The problem with this is that it’s often way over the top for what we actually need. An array that only ever contains Fixnum values could be implemented as a int* array, saving us the work of tagging and untagging the value. A hash that only contains three key-value pairs doesn’t need all of the indirection of a list of buckets and it could be better implemented as a single flat array of keys and values.

We have to meet the contract that the Array and Hash classes specify, which includes the explicit contract such as the methods they provide, and the implicit contract that is the algorithmic complexity of these methods. But as long as we can do that, we’re free to implement these data structures however we like.

JRuby+Truffle uses a novel variant of a technique that is already in use in the various PyPy projects, called strategies, published by Carl Friedrich Bolz, Lukas Diekmann and Laurence Tratt. The idea is that we have a range of different ways of implementing each data structure. Each array and hash references the strategy that they’re currently using and you delegate operations to the current strategy. As the program runs, objects can change their strategy if the current one isn’t appropriate any more.

In JRuby+Truffle our most simple strategy is the null strategy. If a hash or array is empty, we don’t allocate any storage at all. Many operations on a null strategy are often no-ops returning constant values.

If your array does include elements we have strategies to implement it as Java int[], long[] and double[]. Storing immediate objects in these arrays requires no boxing or tagging. In some loops this means we can stop allocating objects all together, which is definitely a key part of optimising Ruby. If you have a big heterogeneous array with objects of many different types, you’ll eventually end up using the last-resort Object[] strategy. We can put anything in here, but we’ll have to box any immediate objects, and that may mean allocating them on the heap. Our last-resort strategy is the one that JRuby and MRI use all of the time.
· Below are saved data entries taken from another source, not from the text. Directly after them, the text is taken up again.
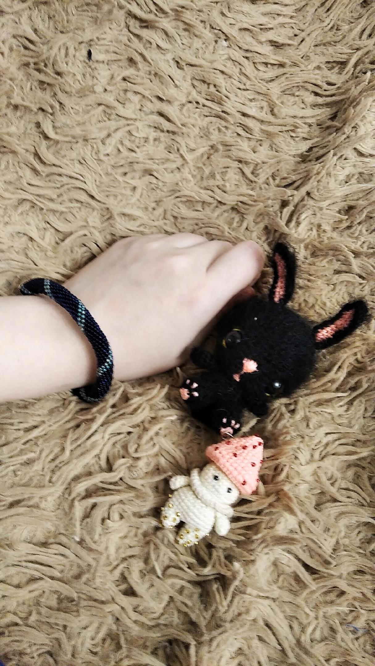 И это еще только начало! Внутри также меня ждал черный милый зайчик и грибок - брелок! А с размером браслета и цветом Светик угадала на отлично!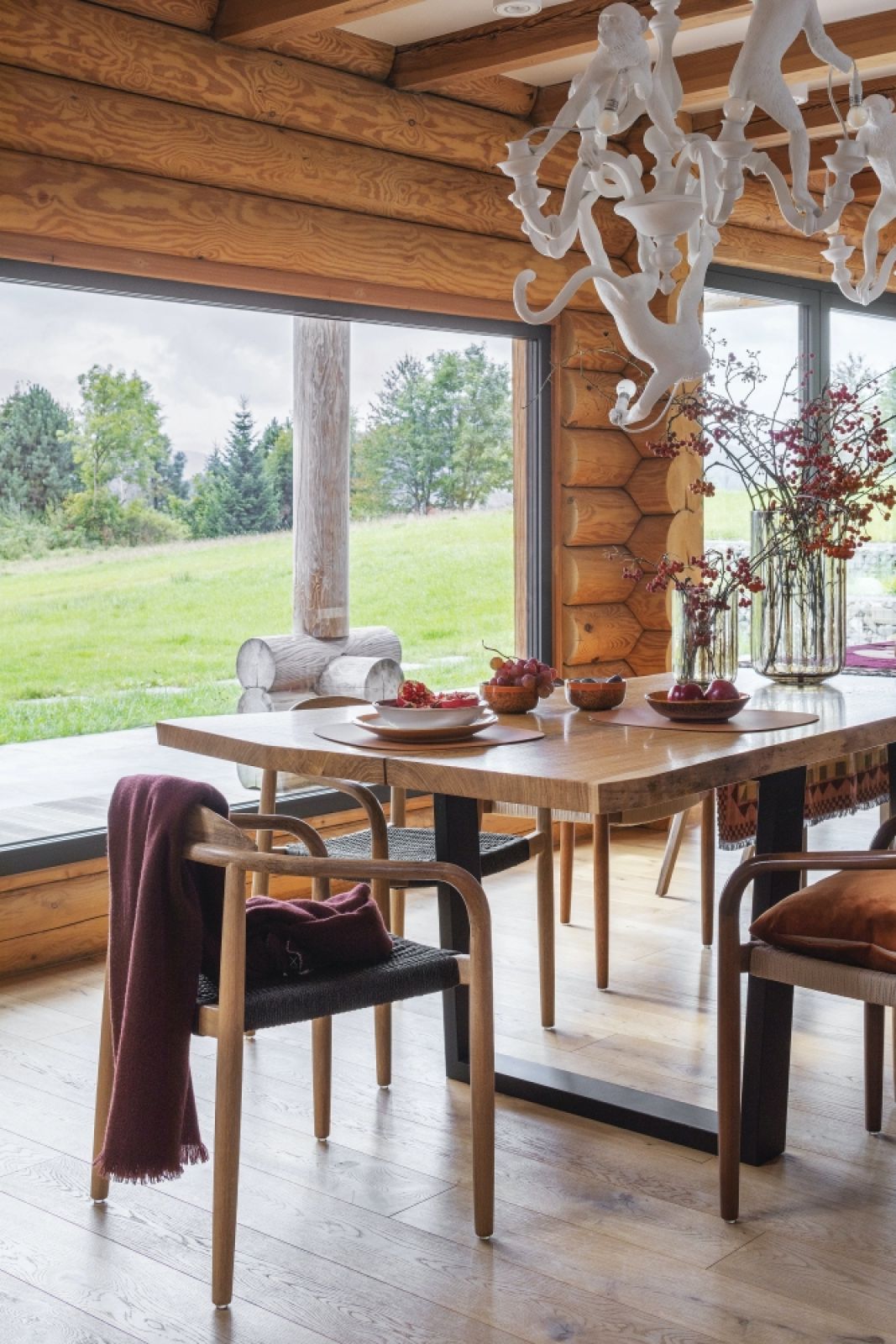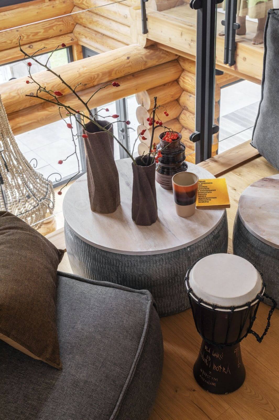 Jaki był pomysł na dom? Ewa używa jednego określenia: „góralska chata w butikowym stylu”. Główną rolę odgrywają tu odpowiednio wyeksponowane drewniane bale i widoki za oknem. Marta żartuje, że w sumie nie potrzeba żadnych ozdób wieszać na ścianach, wystarczy patrzeć na Beskidy i Babią Górę.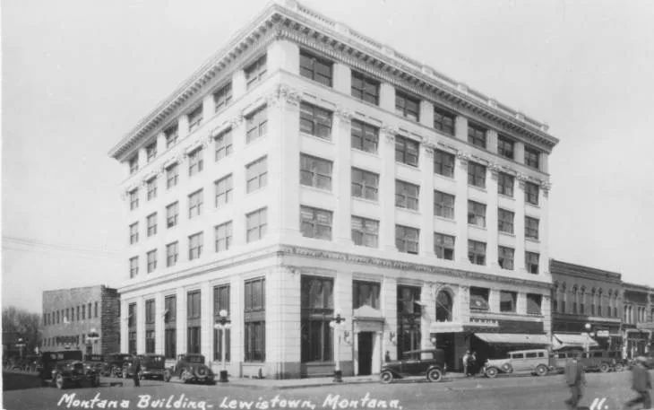 The Montana Building was conceived by a corporation of local businessmen in expectation of the continued growth of the community. George J. Wiedeman organized the Montana Hardware Company in 1892, with John Power, President, and A.W. Warr, Vice President and Secretary. The list of stockholders included Thomas Power and Mrs. N.M. Erickson. The Lewistown Commercial Company was organized in 1898 with L.W. Eldridge, President, A.W. Stoddard, Secretary and Treasurer, and Richard A. Hanke, Manager and Vice President. The success of this pioneer business venture is reflected in the Montana Building, designed by J.G. Link and C.S. Haire. The exuberant Neoclassical and Beaux-Arts building exhibits perhaps the most significant terra cotta façade in the state.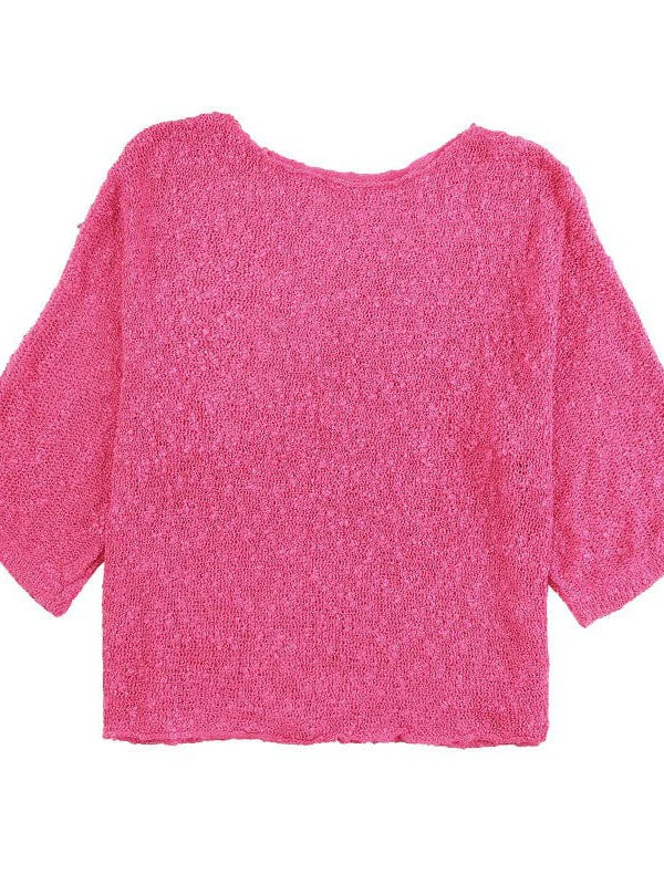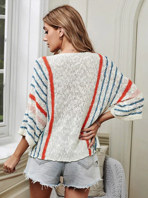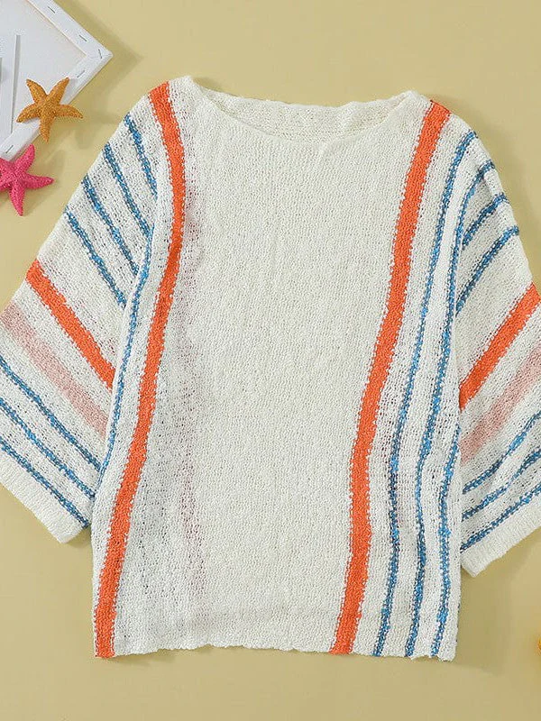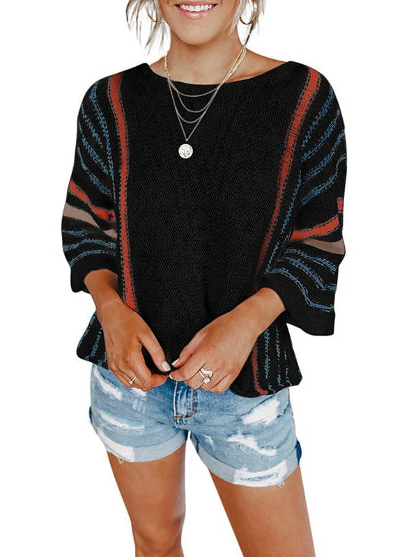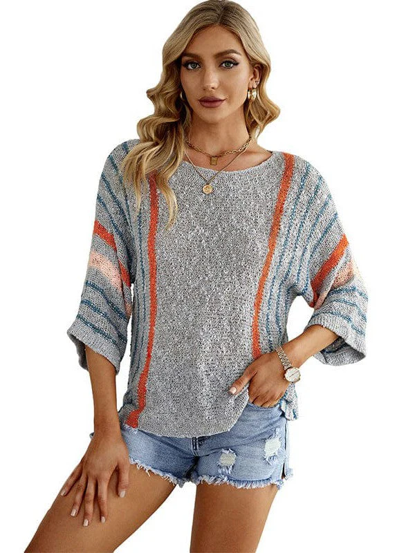 Striped Knit Quarter-Sleeve Sweater For Women With Round Neck
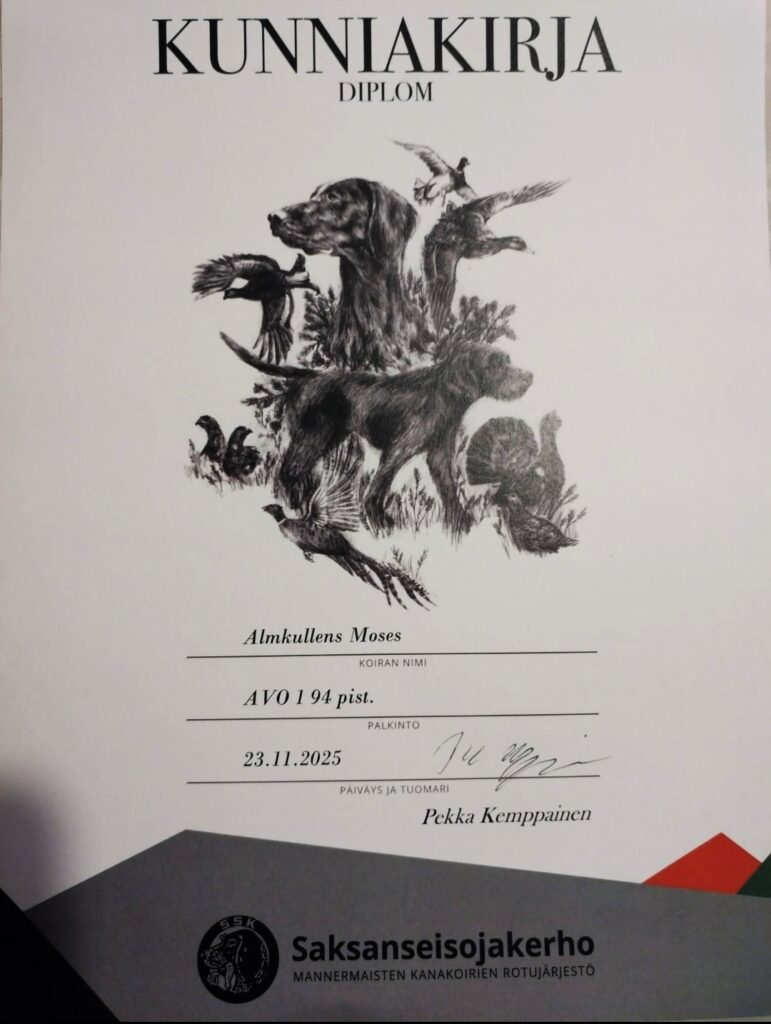 I helgen så startade även Almkullens Moses på jaktprov fast i Finland då, Moses och Kenneth fick ett fint 2 pris i Ökl han fick också denna gång 77 poäng.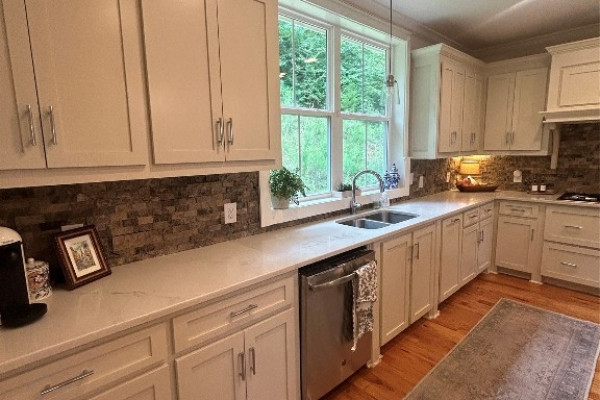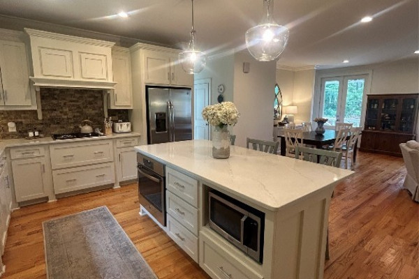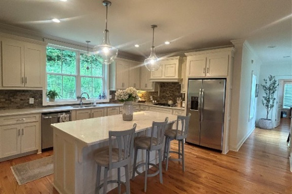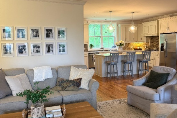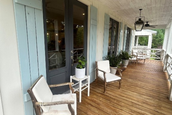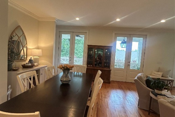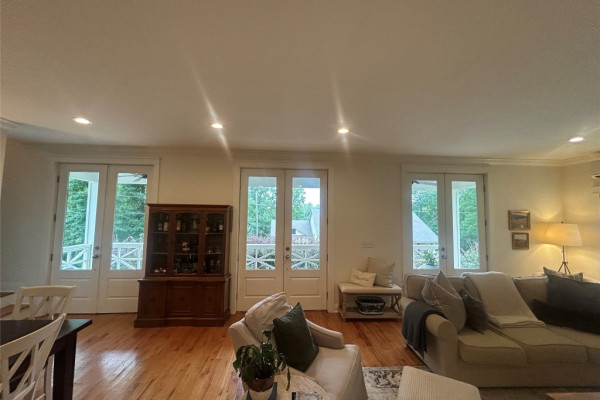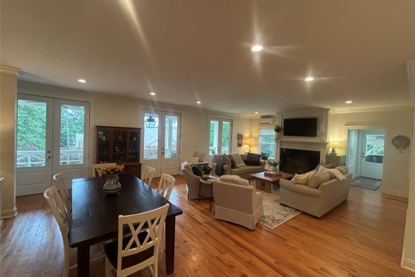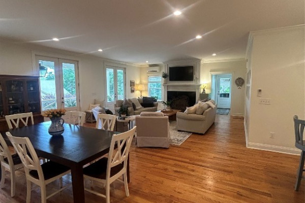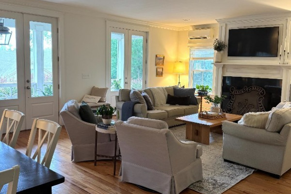 As you step inside, the spacious great room is a true showstopper, featuring a cozy gas log fireplace and three striking French doors that open onto a spacious front porch, perfect for both lively gatherings and quiet evenings in.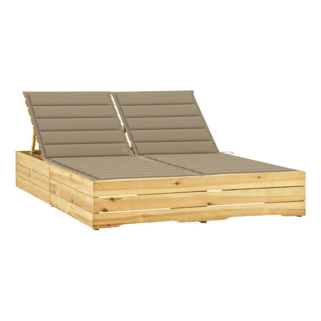 Cette chaise longue double en bois avec coussin combine style et fonctionnalité et ajoute une touche de charme rustique à votre espace de vie extérieur. Fabriqué en bois de pin imprégné, le transat pour 2 personnes est résistant aux intempéries, très durable et facile à nettoyer avec un chiffon humide. Le dossier est réglable afin que vous puissiez trouver la position la plus confortable. De plus, le coussin inclus est plus qu’un supplément pratique ; il a également une fonction décorative. Remarque : afin de prolonger la durée de vie des meubles d'extérieur, nous vous recommandons de les protéger avec une housse imperméable.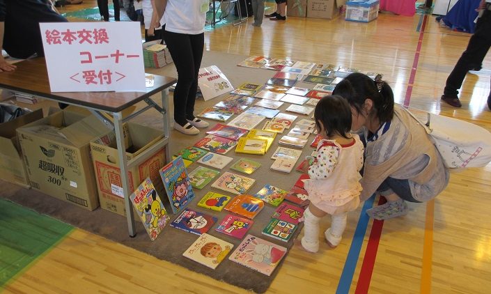 絵本交換会もあり絵本を持参した数だけ好きな絵本と交換もできますよ。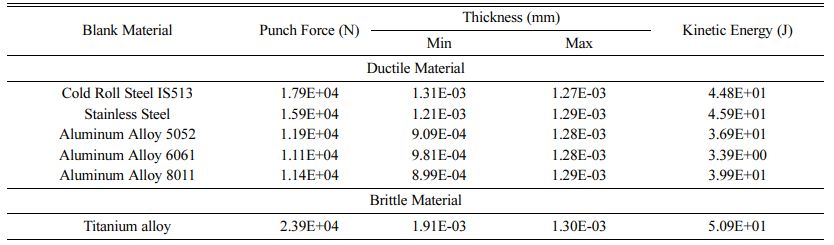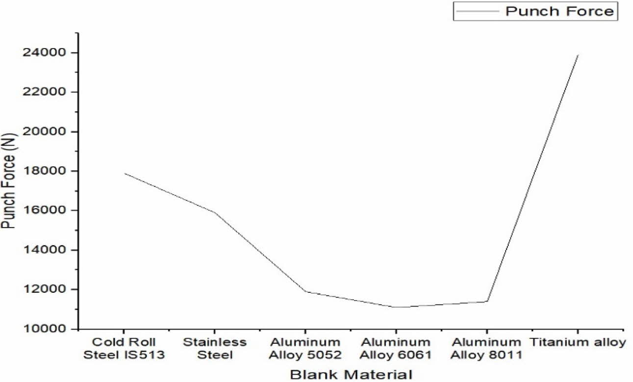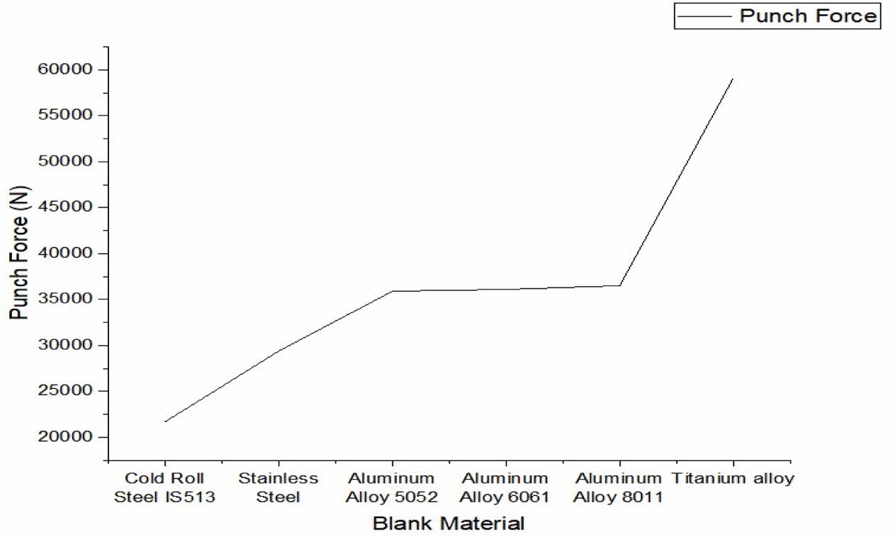 Fig. 7 shows that the aluminum alloys require mostly the same punch force on calculation as the properties are very similar to each other. Table 5 shows that there is no major difference in thickness when the material is varied. Here the punch force was maximum for Titanium Alloy and least for Cold Roll Steel IS513. The Kinetic Energy is maximum for Titanium alloy & least for Aluminum Alloy 6061.

At the moment our implementation of hashes currently includes just two simple specialisations as well as null - one that uses a full Java linked hash table, and a simpler case where we represent the hash as a flattened Java Object[]. That is, a hash {a: 1, b: 2, c: 3} will be represented as new Object[]{new Symbol('a'), new Integer(1), new Symbol('b'), new Integer(2), new Symbol('c'), new Integer(3)}. Instead of hashing a key and doing a lookup we can do a simple linear search through this array. As long as we only use this specialisation up to some limited maximum size we can still meet the O(1) lookup time implicit contract.

The PyPy paper referenced above describes how they have some 17 storage strategies, so we probably have some more work to do. We’ll introduce more as we find applications or benchmarks to exercise them.

Specialising for Small Arrays and Hashes

JRuby+Truffle includes extra strategies for arrays and hashes that we arbitrarily consider to be ‘small’. That’s currently less than four array elements, or four key-value pairs. We found that this constant worked well for our benchmarks, but it’s configurable and we’ll keep experimenting with it as we run other programs.

For these objects, we always allocate enough space for them to contain three elements of key-value pairs, even if they’re not using them. When we know that’s always going to be the case, we can use simpler and more uniform operations that don’t depend on the size of the array.

Consider the case of a Array#each. For an array of arbitrary size, this is implemented something like this:

for (int n = 0; n < array.length; n++) {
  block.call(array[n]);
}

If the array is using the small strategy, we can make the loop iteration count constant at our maximum size, and include a test for the actual size of the array inside the loop.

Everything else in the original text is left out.